Es geht um nichts anderes als eine veritable Effizienzrevolution, begleitet durch mehr Genügsamkeit und Nutzenorientierung beim Energieeinsatz, wenn die Primärenergie tatsächlich entsprechend den Energiewendebeschlüssen bis 2050 halbiert werden soll. Nicht nur für den Klima- und Ressourcenschutz, sondern auch zur Reduktion von Energiekosten, Importabhängigkeit und Energierisiken wäre ein solcher Ansatz nach vorliegenden Analysen ein unschätzbarer Gewinn. 

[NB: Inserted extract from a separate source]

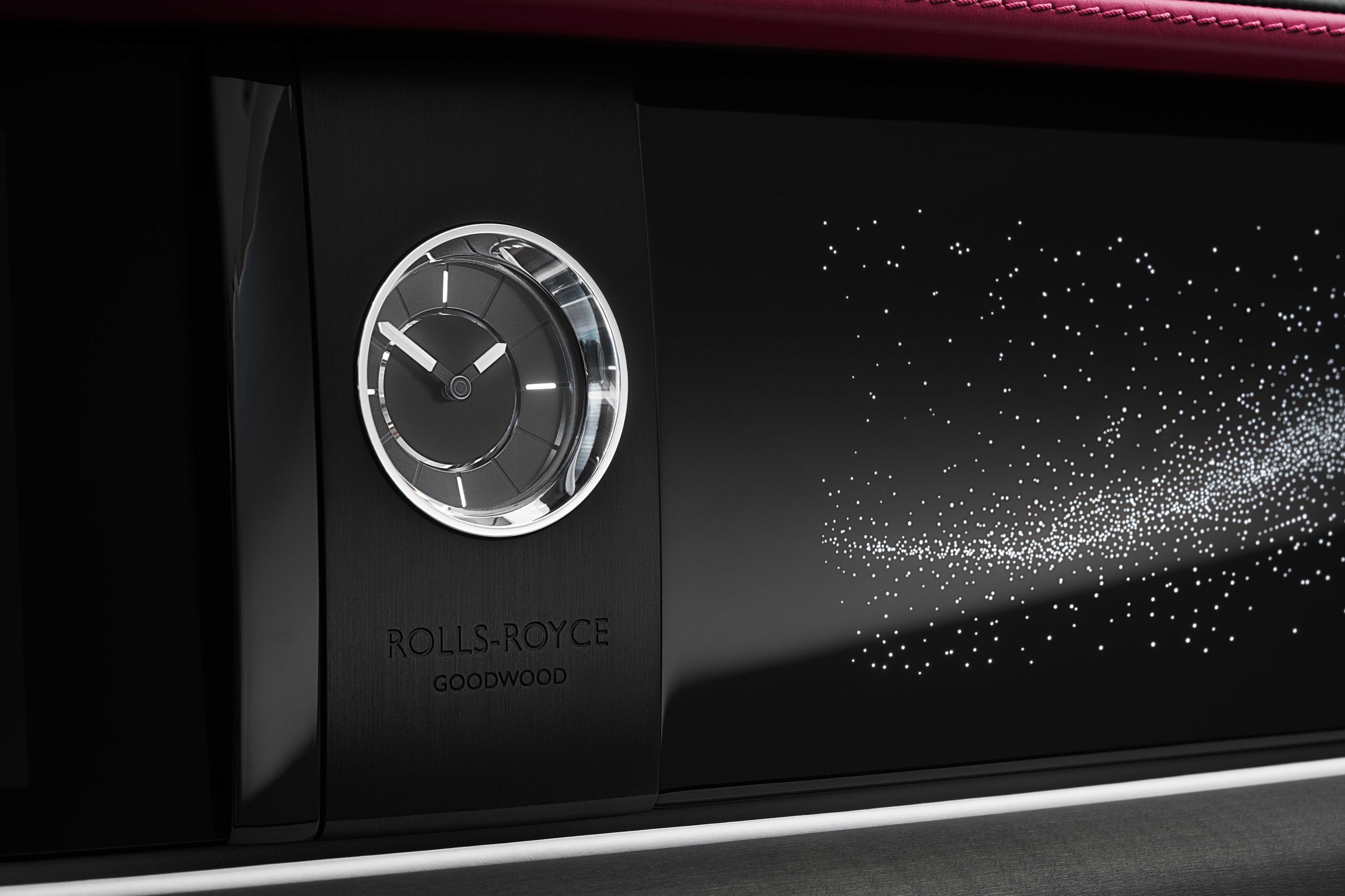 The ethereal night-time theme continues with Spectre’s Illuminated Fascia. Developed over the course of two years and more than 10,000 collective hours, it incorporates the Spectre nameplate surrounded by a cluster of over 5,500 stars. Located on the passenger side of the dashboard, the illuminations are completely invisible when the motor car is not in operation.
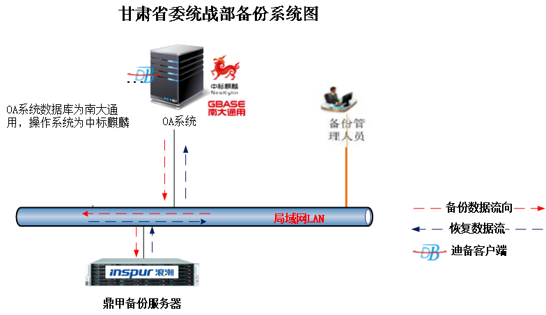 在甘肅省委統(tǒng)戰(zhàn)部OA系統(tǒng)上部署鼎甲迪備備份容災(zāi)軟件客戶端,備份服務(wù)器及存儲介質(zhì)由一臺浪潮服務(wù)器組成,針對國產(chǎn)中標(biāo)麒麟操作系統(tǒng)、國產(chǎn)數(shù)據(jù)庫Gbase(南大通用)數(shù)據(jù)庫分別進(jìn)行全量備份、增量備份。實現(xiàn)對于OA系統(tǒng)完整的保護(hù)。

Wo stehen wir heute? Der beschleunigte Strukturwandel im Strom-, Verkehrs- und Wärmesektor wurde zwar vielfach angekündigt, aber bisher nicht in der notwendigen Breite vollzogen. Leider hat das die Energiewende so weit verzögert, dass jetzt die Zeit drängt. Die Gefahr ist groß, dass nach dem deutschen CO2-Minderungsziel für 2020 auch das für 2030 verfehlt wird. Damit würde Deutschlands Glaubwürdigkeit in der Klimapolitik dauerhaft Schaden erleiden. Massive Auswirkungen für die Etablierung auf den wachsenden Klimaschutz-Exportmärkten wären die Folge. Für die bisherige internationale Anerkennung der "Energiewende made in Germany" wäre das der Super-GAU.